- Recorded information:
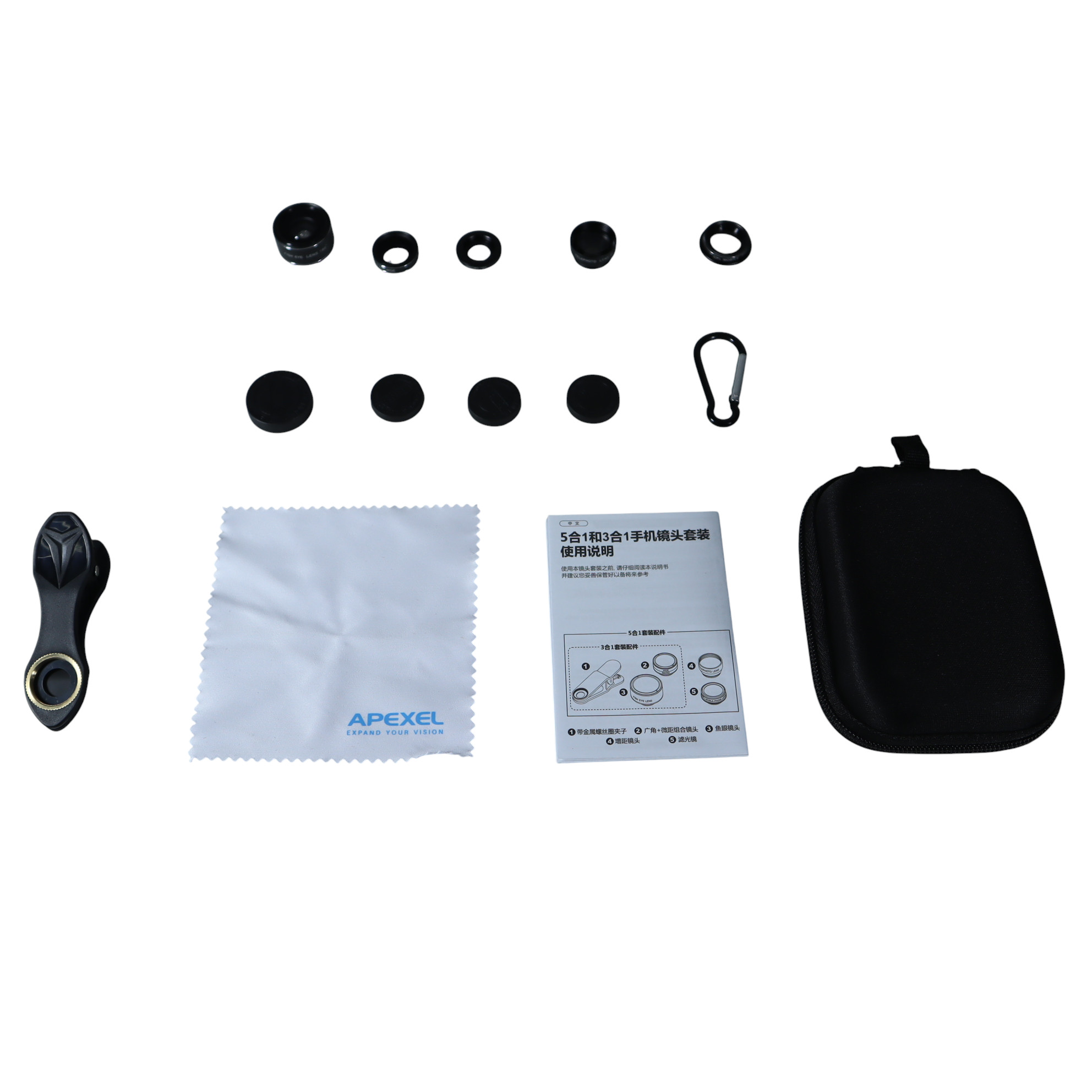 Produk dari APEXEL Ini merupakan aksesori sempurna untuk keperluan fotografi ponsel Anda. Aksesori kamera smartphone ini hadir dengan 5 jenis pilihan lensa yaitu lensa fisheye, makro, wide, telephoto dan lensa CPL. Dengan desain klip, lensa kamera tambahan ini bisa Anda gunakan di banyak tipe smartphone Android maupun iPhone.
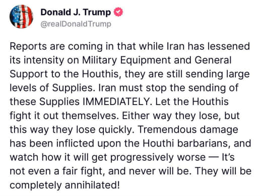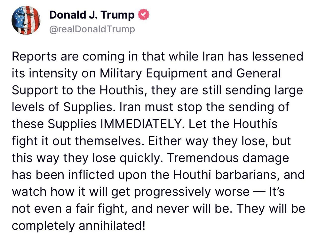 «Мы установили большие тарифы для Европы. Они сядут за стол переговоров. Они хотят поговорить, но разговора не будет, пока они не заплатят нам много денег на ежегодной основе - не только за настоящее, но и за прошлое»
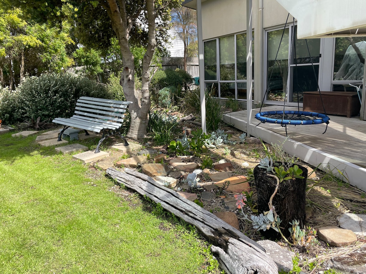 Fully furnished holiday Bungalow with covered outdoor area & BBQ, overlooking a private golf course, set in a peaceful, scenic location, it's a perfect retreat. We have more than 7 beaches in easy walking distance. Also nearby, visit the Pilot Station Café (Thu–Mon in winter), Maritime Museum & Penguin rookery. Enjoy scenic walks, bike trails, fishing, swimming, breathtaking sunrises & sunsets—all just moments away. Whether exploring or unwinding on the nearby beaches, there's plenty to enjoy!
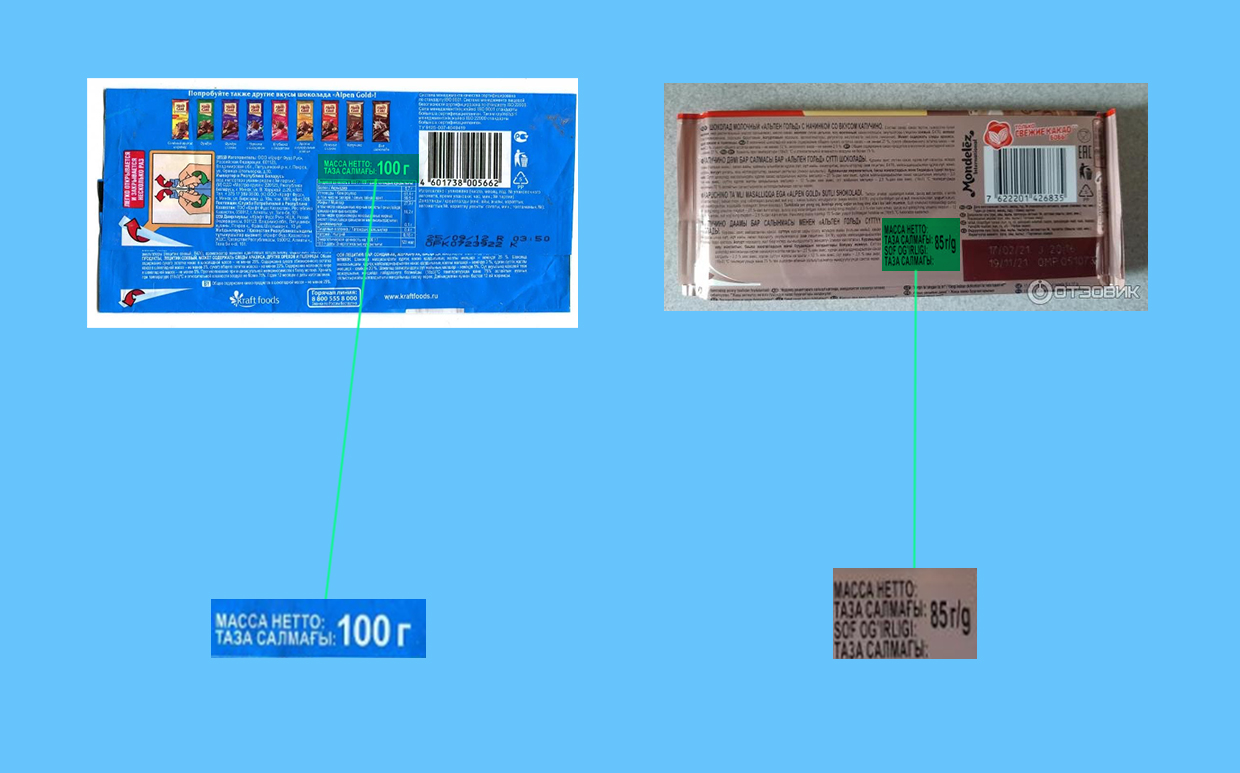 Визуально плитки шоколада не изменились, но в весе потеряли. Раньше Alpen Gold был по 100 г, сейчас — 85 г. Другие производители тоже стали выпускать шоколад весом 85–90 г. Но есть и те, кто по-прежнему продаёт плитки по 100 г.
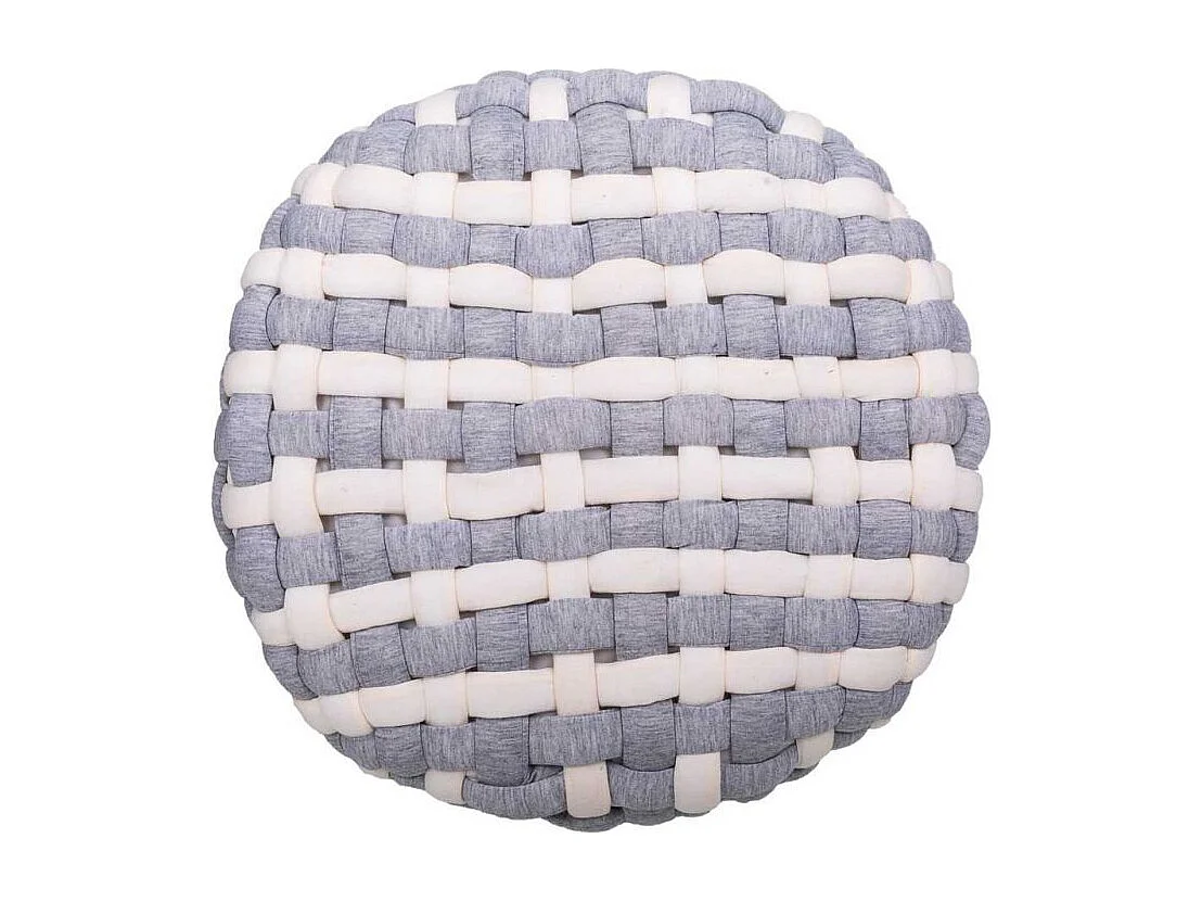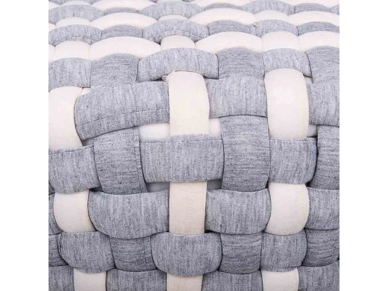 Sgabello grigio in cotone intrecciato e legno 40x40x36h
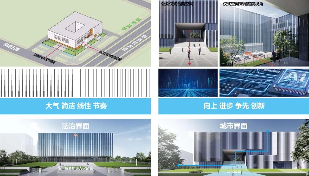 方案的建筑設計理念為“法智方院”,從法治建設、智慧建筑、智造新城、時代方院來展現新時代衢州智造新城人民法院的特點。
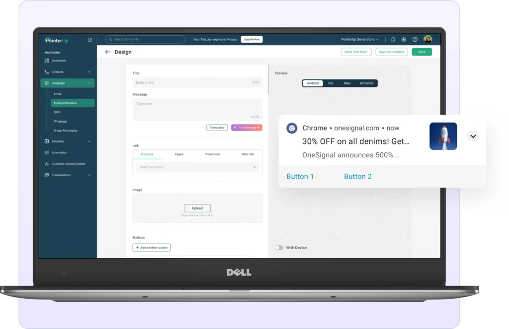 The Push Notifications to help businesses engage users in real time through instant, targeted notifications. Whether it’s promotional offers, push notifications ensure that users stay informed and connected.
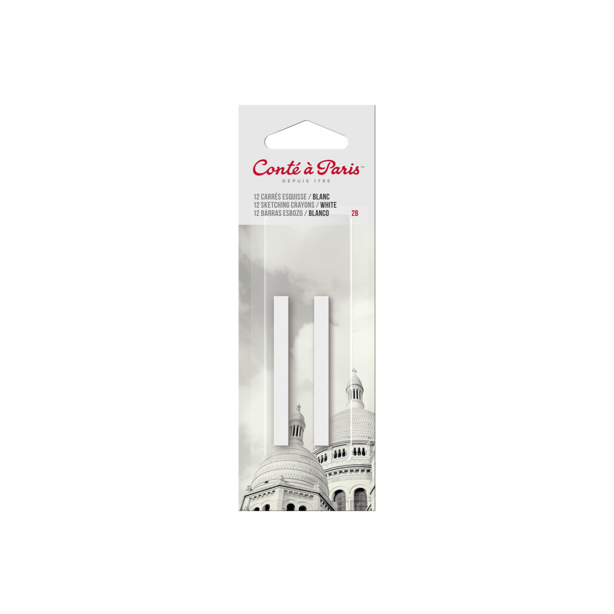Bring soft, luminous highlights to your artwork with Conté à Paris Carrés Esquisse Sketching Pastel Crayons, White 2B, Pack of 2. These square sketching crayons feature a slightly softer composition than Conté pencils, producing velvety marks and smooth tonal transitions. The White 2B grade offers gentle blending capabilities ideal for light accents, negative drawing, and sketching on toned or dark papers. Perfect for figure drawing, studies, and expressive mixed-media work, these crayons pair beautifully with Red, Bistre, and Black Conté tones. The B grade provides soft laydown for subtle shading and delicate gradations in fine art applications.
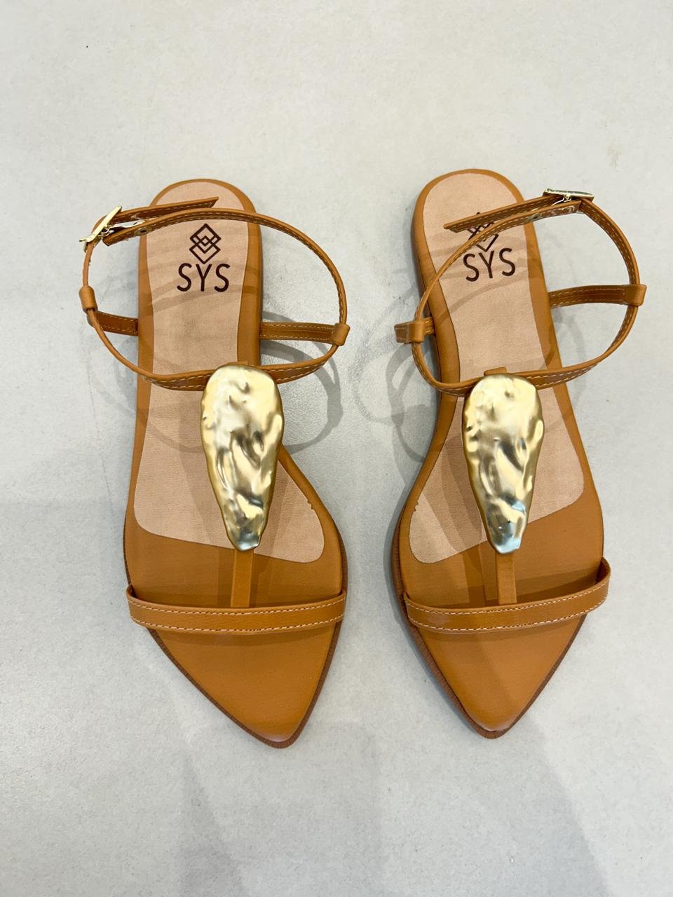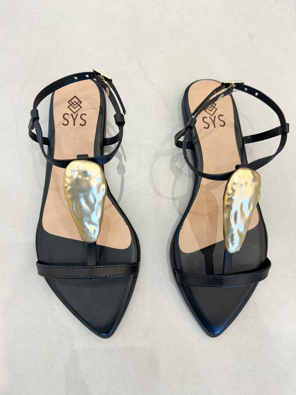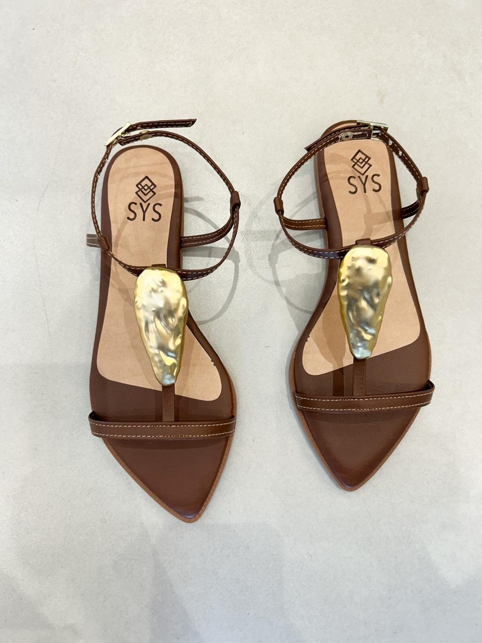 Esta sandália de salto rasteiro possui um detalhe orgânico dourado no cabedal, trazendo um toque único ao visual. Confortável e versátil, é a escolha perfeita para complementar looks sofisticados
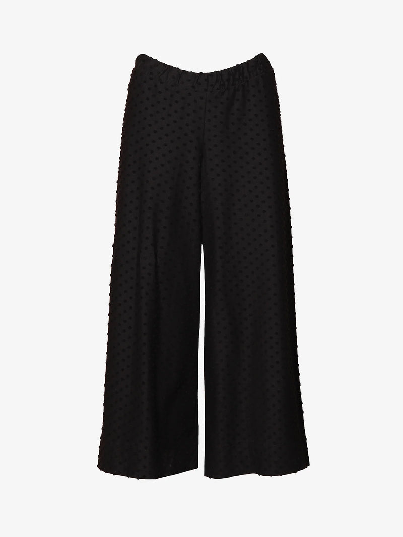 Culottes-housut upeasta Dot struktuurimateriaalista! Dot on trikoon paksuinen neulos, jossa on froteemaisia pieniä pilkkuja, jotka kohoavat neuloksen pinnasta tehden siitä ihanan eläväisen. Dot materiaali ei sisällä elastaania, mutta kangas joustaa silti jonkin verran. Vyötäröllä leveä kuminauha.

- Exercise requirements:
Your task is to reproduce all of the material exactly. The pictures stay out.

- Answer space:
 Produk dari APEXEL Ini merupakan aksesori sempurna untuk keperluan fotografi ponsel Anda. Aksesori kamera smartphone ini hadir dengan 5 jenis pilihan lensa yaitu lensa fisheye, makro, wide, telephoto dan lensa CPL. Dengan desain klip, lensa kamera tambahan ini bisa Anda gunakan di banyak tipe smartphone Android maupun iPhone.
 «Мы установили большие тарифы для Европы. Они сядут за стол переговоров. Они хотят поговорить, но разговора не будет, пока они не заплатят нам много денег на ежегодной основе - не только за настоящее, но и за прошлое»
 Fully furnished holiday Bungalow with covered outdoor area & BBQ, overlooking a private golf course, set in a peaceful, scenic location, it's a perfect retreat. We have more than 7 beaches in easy walking distance. Also nearby, visit the Pilot Station Café (Thu–Mon in winter), Maritime Museum & Penguin rookery. Enjoy scenic walks, bike trails, fishing, swimming, breathtaking sunrises & sunsets—all just moments away. Whether exploring or unwinding on the nearby beaches, there's plenty to enjoy!
 Визуально плитки шоколада не изменились, но в весе потеряли. Раньше Alpen Gold был по 100 г, сейчас — 85 г. Другие производители тоже стали выпускать шоколад весом 85–90 г. Но есть и те, кто по-прежнему продаёт плитки по 100 г.
 Sgabello grigio in cotone intrecciato e legno 40x40x36h
 方案的建筑設計理念為“法智方院”,從法治建設、智慧建筑、智造新城、時代方院來展現新時代衢州智造新城人民法院的特點。
 The Push Notifications to help businesses engage users in real time through instant, targeted notifications. Whether it’s promotional offers, push notifications ensure that users stay informed and connected.
Bring soft, luminous highlights to your artwork with Conté à Paris Carrés Esquisse Sketching Pastel Crayons, White 2B, Pack of 2. These square sketching crayons feature a slightly softer composition than Conté pencils, producing velvety marks and smooth tonal transitions. The White 2B grade offers gentle blending capabilities ideal for light accents, negative drawing, and sketching on toned or dark papers. Perfect for figure drawing, studies, and expressive mixed-media work, these crayons pair beautifully with Red, Bistre, and Black Conté tones. The B grade provides soft laydown for subtle shading and delicate gradations in fine art applications.
 Esta sandália de salto rasteiro possui um detalhe orgânico dourado no cabedal, trazendo um toque único ao visual. Confortável e versátil, é a escolha perfeita para complementar looks sofisticados
 Culottes-housut upeasta Dot struktuurimateriaalista! Dot on trikoon paksuinen neulos, jossa on froteemaisia pieniä pilkkuja, jotka kohoavat neuloksen pinnasta tehden siitä ihanan eläväisen. Dot materiaali ei sisällä elastaania, mutta kangas joustaa silti jonkin verran. Vyötäröllä leveä kuminauha.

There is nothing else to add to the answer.